Actualités

Soutien à notre culture réunionnaise

L’étape fondamentalement réunionnaise de la visite de François Hollande

Manuel Marchal / 17 avril 2012

Le 1er avril dernier, François Hollande arrive à Saint-Louis. Après la visite d’une ferme photovoltaïque arrive ce qui est le moment le plus fort, l’étape fondamentalement réunionnaise de son séjour : l’hommage du futur président de la République à nos ancêtres et son engagement à soutenir les projets pour la reconnaissance de notre culture réunionnaise.

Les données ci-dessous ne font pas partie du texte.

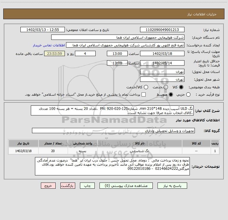 استعلام تگ ULD آسیب دیده mm 210*148، شمارهPN: 920-020-125 ،تعداد 20 بسته = هر بسته 100 عددی ،کالای انتخاب شده صرفا جهت تشابه است., استعلام تگ ULD آسیب دیده mm 210*148، شمارهPN: 920-020-125 ،تعداد 20 بسته = هر بسته 100 عددی ،کالای انتخاب شده صرفا جهت تشابه است.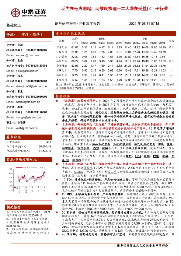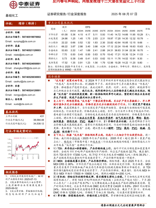 【中泰证券】【20250807】基础化工行业:反内卷号声响起,两维度梳理十二大潜在受益化工子行业-40页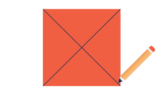 Pour commencer, découpez un carré de papier de la taille souhaitée pour votre boîte à cadeaux. Relier les 4 coins pour former un X, en veillant à ce qu'ils soient exactement centrés.

Aux sources du non-développemement, il n’y a pas seulement une question de manque de moyens, il y a aussi une question culturelle. Car depuis le début du peuplement de notre pays, il y a eu un courant dominant dans notre société, qui est celui de la négation du peuple réunionnais. En coupant notre peuple de ses racines, les dominants tentent de perpétuer l’ordre injuste qui plonge la moitié de notre population en dessous du seuil de pauvreté. C’est pourquoi toute tentative de réconcilier le Réunionnais avec ses origines est farouchement combattue. Il y eut l’interdiction du maloya, la répression subie par le moring, la destruction de registres de l’époque de l’esclavage… le pouvoir agissait pour faire croire au Réunionnais qu’il était issu de nulle part, et que son chemin ne pouvait passer que par l’assimilation.
Mais ce pouvoir a été battu, et aujourd’hui plus personne ne pourra empêcher le maloya de s’exprimer. Grâce au travail de l’équipe de la Maison des civilisations et de l’unité réunionnaise, il est même inscrit au Patrimoine de l’humanité par l’UNESCO.
Il reste encore des résistances pour interdire au peuple réunionnais de prendre conscience de ce qu’il est. Elles se sont manifestées dans l’opposition à la Maison des civilisations et de l’unité réunionnaise. Le dernier carré des conservateurs a constitué une bien étrange coalition, allant de l’indépendantiste Aniel Boyer à l’UMP Didier Robert en passant par le socialiste Michel Vergoz et quelques déclassés venus de France aujourd’hui à la direction de la Région pour tenter de faire capoter ce projet qui vise à promouvoir l’égalité des cultures qui composent notre société réunionnaise.
Car ils ont compris qu’avec la MCUR allait s’engager un processus irréversible de changement dans notre pays : le peuple réunionnais va prendre conscience de sa force.
Il n’est ainsi guère étonnant qu’une des premières décisions de Didier Robert annoncée dans son discours d’investiture est l’arrêt de la Maison des civilisations et de l’unité réunionnaise, sous les applaudissements de Vergoz. Mais tout cela n’aura servi qu’à perdre deux ans. Le 1er avril à Saint-Louis, François Hollande s’est incliné sur la stèle rendant hommage aux Réunionnais morts sans sépulture, il a ainsi salué nos ancêtres et tout ce qu’ils ont apporté dans la construction de notre intraculturalité.
Ainsi nous allons reprendre notre marche vers la pleine reconnaissance du peuple réunionnais, un peuple unique au monde qui a tant à donner dans un monde dominé par des déchirements sur des bases religieuses ou culturelles.

Manuel Marchal 

« Le souvenir des âmes perdues et la responsabilité des âmes de demain »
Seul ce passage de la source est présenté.